Nen-Resul’s scream leapt from his eyes as the UnAuthor grabbed Marriamme
by her hair and snapped her neck.
Her hand was still held by her husband as she slipped to the ashy
earth. Not until grief wept tears of rage from the storyteller’s mouth did Jon
see his brother.
With the death of the Shouel, of the Princess of Thet, Marriamme’s
control of the stream of the tidalverse that she manipulated, no long held it in
place. Kren, Nen-Resul saw could not resist the iron pull of the stream. Neither could he. A brief second only passed,
as life was released and she lay like a broken manikin, before the tidalverse
took the two men of Tasen back through the possibilities of new and old chances
and choices, along shadow streams to the camp in Meringal, or briefly as the
fixed moments of their lives flashed back to The Legein House where the two had
argued about the best way to deal with Aflarien after his failed attack on
Tasen.

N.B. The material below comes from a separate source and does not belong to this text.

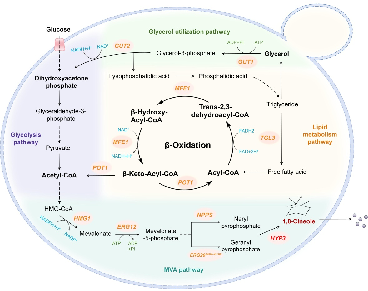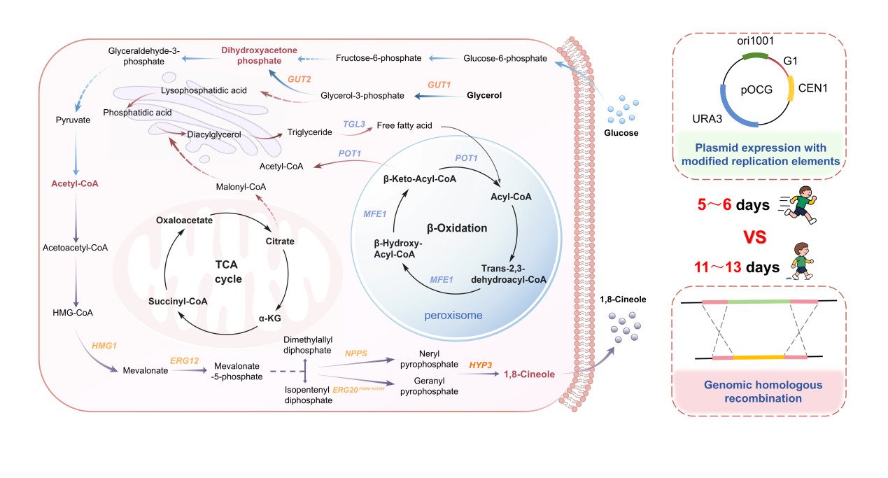 近日,我校工业微生物教育部工程研究中心祁峰课题组在解脂耶氏酵母生物合成1,8-桉叶素研究中取得重要进展,成功建立了该化合物的高效生物合成体系。该研究的核心创新在于采用基于CEN1变体的系列游离质粒系统,该系统为候选基因的快速高效筛选提供了强有力的技术支撑。相较于外源基因的基因组整合策略,此系统兼具优异的多功能性与稳定性,显著提升了遗传调控策略的优化效率。研究团队基于该系统开展了系列关键技术攻关:首先构建完成1,8-桉叶素完整生物合成途径;随后对关键前体物质甲羟戊酸合成途径进行系统性优化;进一步通过强化胞内甘油利用途径与脂质降解途径,显著提升了前体供给效率,为1,8-桉叶素合成提供了充足原料保障。

There the tidalverse and its shadow passages, twisted and tumbling like
two snakes in an epic battle and through these the two where nudged onward, on,
on to the true probability that hinged on freewill and the truth of their
hearts. The streams danced them until finally the tidalverse set them free.
Nen-Resul found himself upon a horse, Kren by his side looking over
the water of Lake Leme to Ashenmoire skirted by morning mist. At ease, awaiting
orders behind the one hundred Legein men gazed as the sun slipped above the
Island, the Lonely Isle that last day when The Gardener came.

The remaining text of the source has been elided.